— ACTION ITEM —
Beneath this line is the data. Output exactly the lines from the line with "Elegantní belgické pralinky" to the line with "Amber brown hand", both ends included, and nothing more.

— DATA SHOWN —
------------

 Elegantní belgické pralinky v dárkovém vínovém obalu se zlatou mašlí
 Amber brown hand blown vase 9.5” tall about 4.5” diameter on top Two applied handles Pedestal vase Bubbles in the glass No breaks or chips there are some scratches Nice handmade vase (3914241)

------------

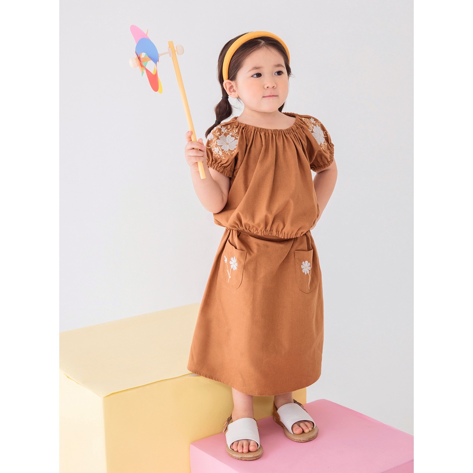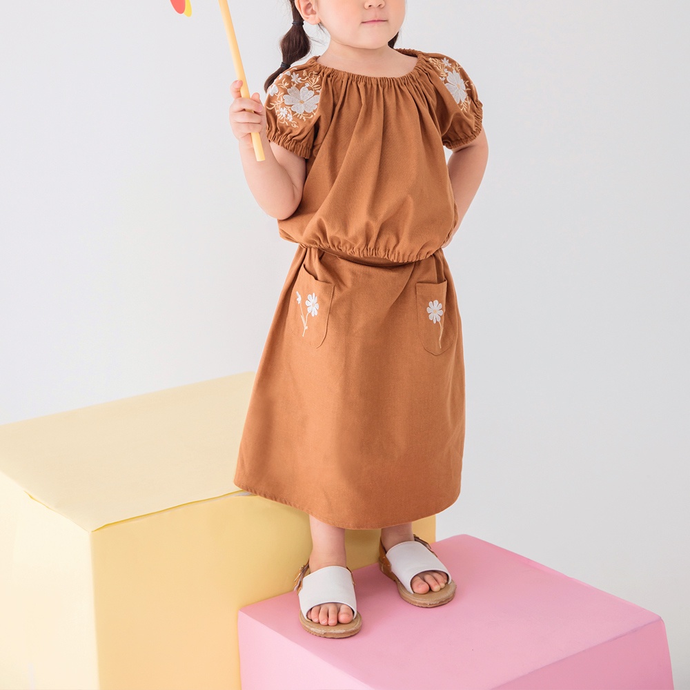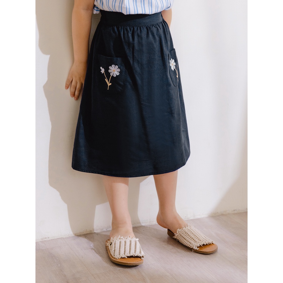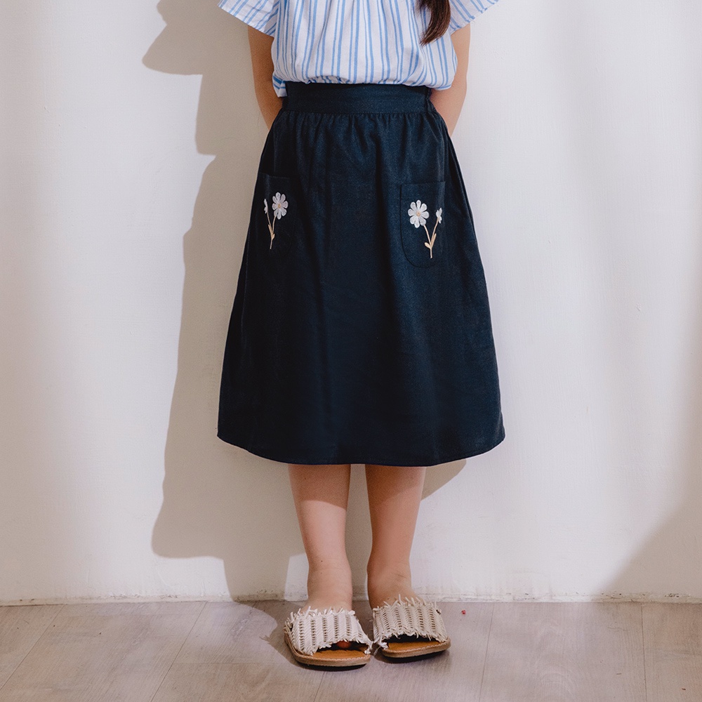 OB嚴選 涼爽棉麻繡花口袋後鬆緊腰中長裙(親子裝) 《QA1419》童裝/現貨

------------

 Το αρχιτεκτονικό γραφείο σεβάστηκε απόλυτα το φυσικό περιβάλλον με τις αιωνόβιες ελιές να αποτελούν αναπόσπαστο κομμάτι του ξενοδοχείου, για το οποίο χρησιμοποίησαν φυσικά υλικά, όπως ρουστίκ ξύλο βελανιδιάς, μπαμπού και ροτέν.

------------

— OUTPUT FOR THIS TASK —
 Elegantní belgické pralinky v dárkovém vínovém obalu se zlatou mašlí
 Amber brown hand blown vase 9.5” tall about 4.5” diameter on top Two applied handles Pedestal vase Bubbles in the glass No breaks or chips there are some scratches Nice handmade vase (3914241)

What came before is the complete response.